De toutes manières, les passions
cléricales s'efforçaient d'exciter le
peuple contre les novateurs et contre le roi que
l'on accusait de connivence, ou tout au moins de
faiblesse. Un docteur bénédictin, dom
Josse, avait été mis à la
Conciergerie parce que dans le cours de
l'année 1524, il avait mal parlé du
roi dans ses sermons, à Paris et ailleurs.
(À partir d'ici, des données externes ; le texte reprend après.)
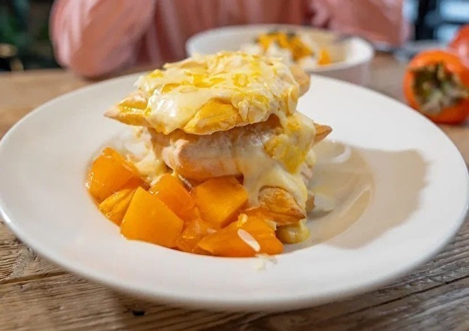 Выкладываем выпеченный квадрат слоеного теста, поливаем кремом, и так повторяем до трех слоев теста, рядом выкладываем очищенную от кожуры хурму и посыпаем миндальными лепестками.
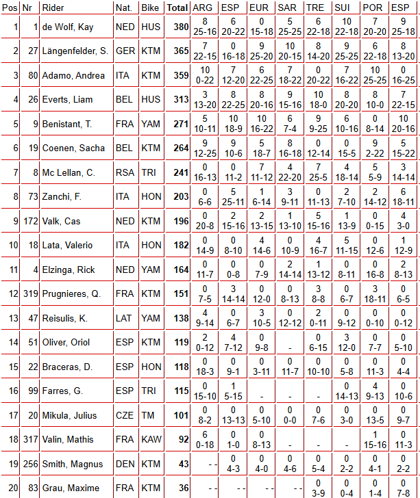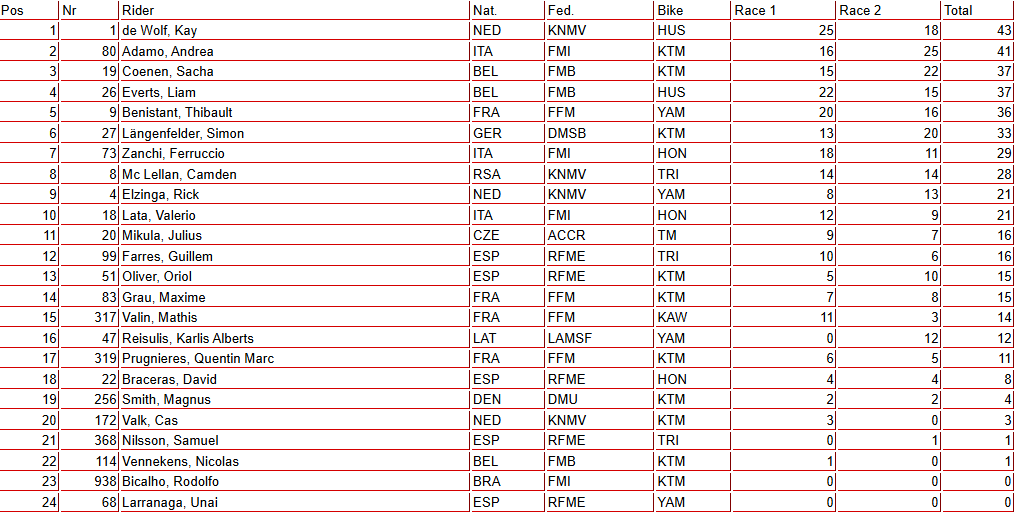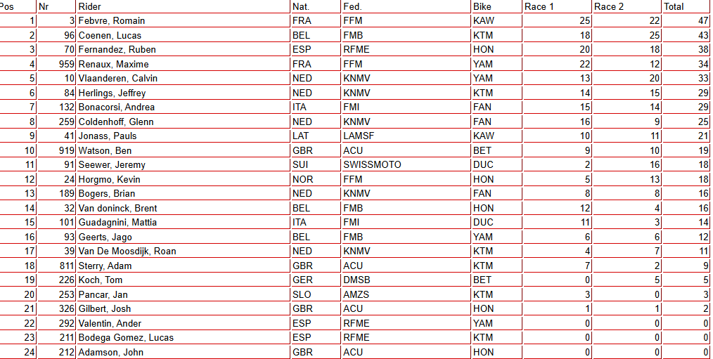 Check all the results sheet from round eight of the MXGP World Championship in Lugo, Spain. If you want to know how the action has been going, check our LIVE COVERAGE session for the latest updates.
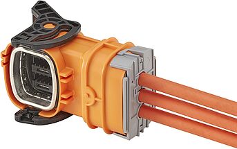 The Rosenberger HVR®100 connector system enables a maximum current capacity of 110 A at 85 °C, at cable cross section 16 mm² and a working voltage of 1000 V. The HVR®100 connectors takes up minimal space. It features a angled coupler for 3 shielded cables along with the corresponding header. The unique locking mechanism with special lever and CPA (Connector Position Assurance) allows locking only when mated and prevents accidental unmating.
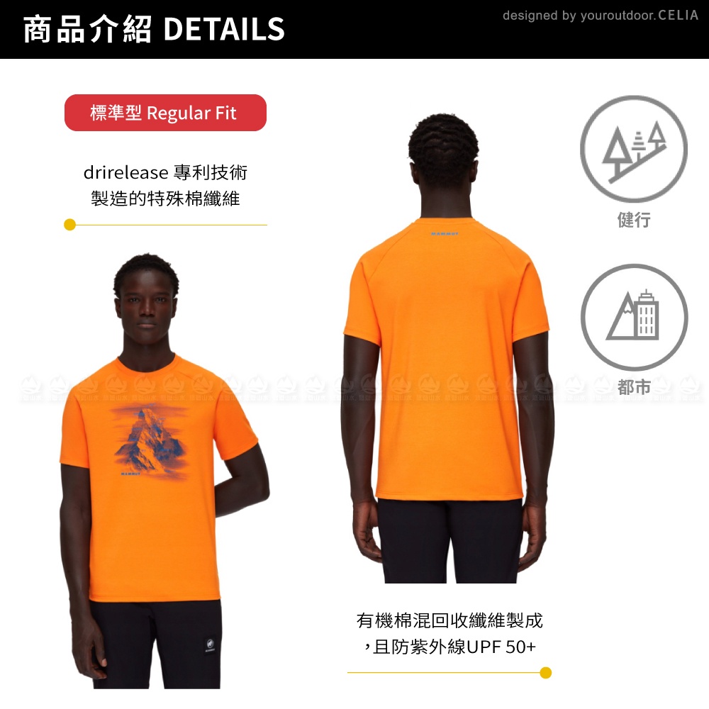 【MAMMUT 長毛象 男 Mountain T-Shirt 防曬機能短袖T恤《深柑桔橘》】1017-05290/快乾T
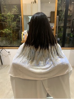 ブルーはブリーチが甘いとくすんで暗くなりがちなので、しっかりとブリーチすることが大切です。

Ce crime de lèse-majesté humaine, fut
moins puni que simple fait de posséder et de
lire des livres de Luther. Les amis de
l'ordre ont de ces inconséquences.
Lire Luther, c'était une
« rébellion » digne de
mort, attaquer le roi en chaire,
c'était peu de chose. Dom Josse en fut
quitte pour une année de prison
environ.
Les chaires ne suffisant pas, les
ennemis des idées nouvelles avaient aussi
fait pleuvoir une nuée de plaquettes contre
l'honneur du roi. Le 20 mars 1525, on relâcha
ceux qui avaient été
arrêtés comme imprimeurs et auteurs de
ces libelles.
Par contre, les
sévérités contre les
« luthériens » reprirent
de plus belle. Le Parlement profitait de l'absence
du roi pour relâcher ses calomniateurs et
pour poursuivre les partisans de la réforme
de l'Eglise, tous englobés sous le nom de
« luthériens ».
Le Parlement et la Sorbonne, ont presque
le même personnel et, en tous cas, le
même esprit. Ensemble, ils incarnent l'esprit
de réaction et de répression
impitoyable. L'absence du roi leur donnait libre
carrière. Ils surent en profiter.
Il s'agit de donner des juges aux
hérétiques. Jusqu'ici, à
Paris, une seule exécution
d'hérétique a eu lieu, celle de Jean
Vallière. Et malgré les poursuites,
les interrogatoires, les internements, la secte
luthérienne pullule dans la capitale comme
dans les provinces. Le roi a fait relâcher
l'un des plus notoires propagateurs des
idées nouvelles, Louis de Berquin. Le roi,
sa soeur, sa mère peut-être,
protègent le groupe suspect de Meaux,
Briçonnet, Lefèvre, Michel d'Arande,
Gérard Roussel, Farel, Toussain, Mazurier.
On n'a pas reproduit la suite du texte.